По этому поводу было и есть чересчур уж много «романтизма для сердца» и «идеализма для ума»[123] — чересчур уж много стремления к словесной магии, чересчур уж много желания подменять вещи словами. В итоге, шли и поныне идут кровавые столкновения, множество безвинных человеческих существ погибало и погибают, будто скот на бойне, и самые чудовищные преступления оправдывались и оправдываются во имя отвлеченных понятий:
«Нет в мире народа <...> который пролил бы столько крови за свободу, как французы, и нет народа, который бы менее понимал ее, менее искал бы осуществить ее на самом деле <... > на площади, в суде, в своем доме <...> Французы — самый абстрактнейший и самый религиозный народ в мире; фанатизм к идее идет у них об руку с неуважением к лицу, с пренебрежением ближнего; у французов• все превращается в идол — и горе той личности, которая не поклонится сегодняшнему кумиру. Француз дерется геройски за свободу и не задумываясь тащит вас в тюрьму, если вы не согласны с ним во мнении <... > Тираническое salus populi[124] и инквизиторское, кровавое pereat mundus et fiat justitia[125] равно написано в сознании роялистов и демократов <... > Читайте Ж. Санд и Пьера Леру, Луи Блана и Мишле, — везде вы встретите христианство и романтизм, переложенные на наши нравы; везде дуализм, абстракция, отвлеченный долг, обязательные добродетелиу официальная риторическая нравственность без соотношения к практической жизни»ъ.
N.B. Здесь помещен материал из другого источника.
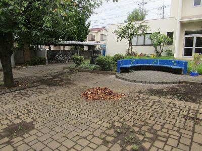 美化委員会のこどもたちが、昇降口前の落ち葉を片付けてくれました。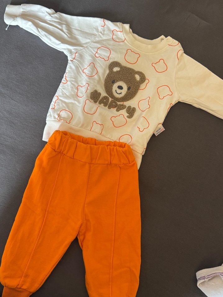 Beyaz, uzun kollu yuvarlak yaka sweatshirt üzerinde renkli ayı baskıları ve "Happy" yazısı bulunur. Rahat turuncu, elastik bel pantolon ile tamamlanır.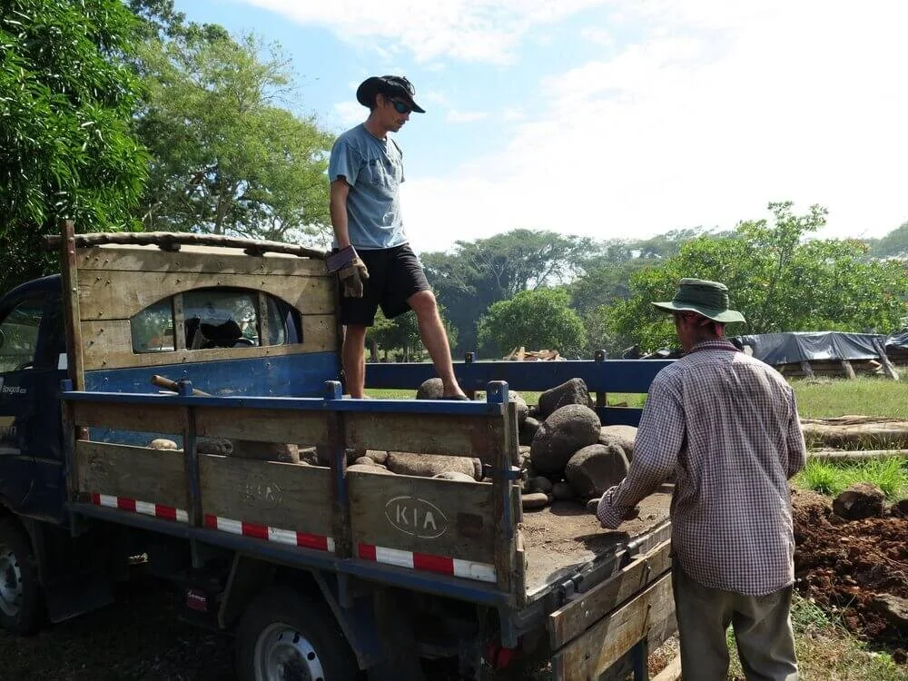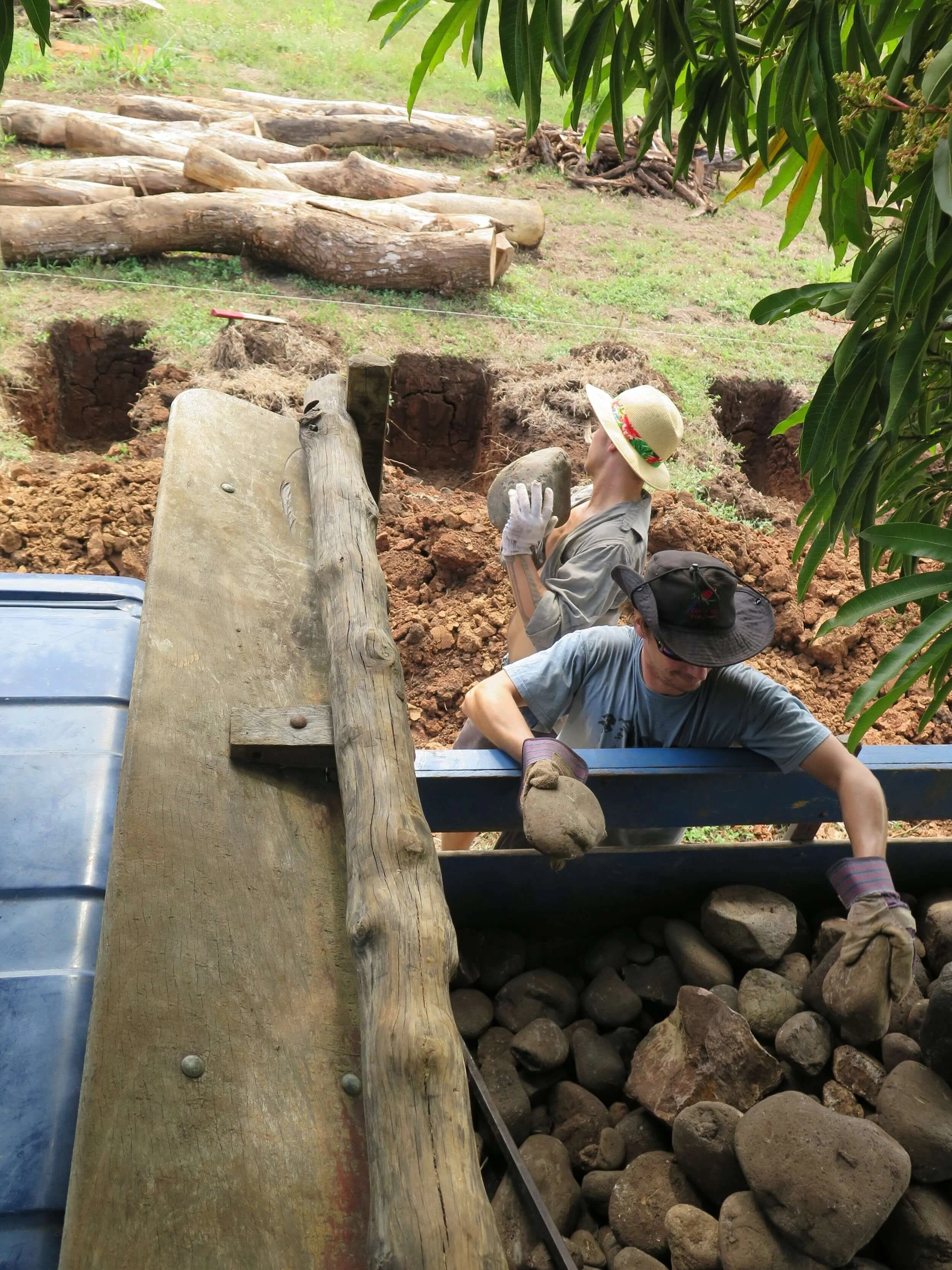 Xavier (foreground) and Graham load river rocks into the foundation holes. In the background you can see the posts of Spanish Cedar, which are all now securley in the ground, awaiting keel blocks.

А в итоге, продолжает Герцен, все оборачивается бессердечным легкомыслием; человеческие существа приносятся в жертву пустым словам, разжигающим страсти, — но, если начать доискиваться их смысла, не значат ничего: оборачиваются некой «политической gaminerie[126]», что «долго нравилась Европе и увлекала ее»[127], — а заодно и ввергала в бесчеловечные и никому не нужные побоища. «Дуализм» для Герцена есть смешение фактов и слов, построение теорий, пользующихся отвлеченными понятиями, которые основываются отнюдь не на истинных нуждах и потребностях, появление политических программ, созданных согласно отвлеченным принципам, касательства не имеющим к истинному положению дел. Эти словесные формулы становятся ужасающим оружием в руках фанатических доктринеров, силком старающихся навязывать свои идеи человечеству — при случае, посредством жесточайшей вивисекции, во имя некоего абсолютного идеала, освящаемого каким-либо некритическим и не подлежащим критике мировоззрением — то ли метафизическим, то ли религиозным, то ли эстетическим; в любом случае, не заботящимся о настоящих нуждах живых людей — во имя своих идей революционные вожди убивают и пытают со спокойной совестью, поскольку убеждены: это, лишь это и единственно это послужит — не может не послужить — к исцелению всех общественных, политических и частных недугов.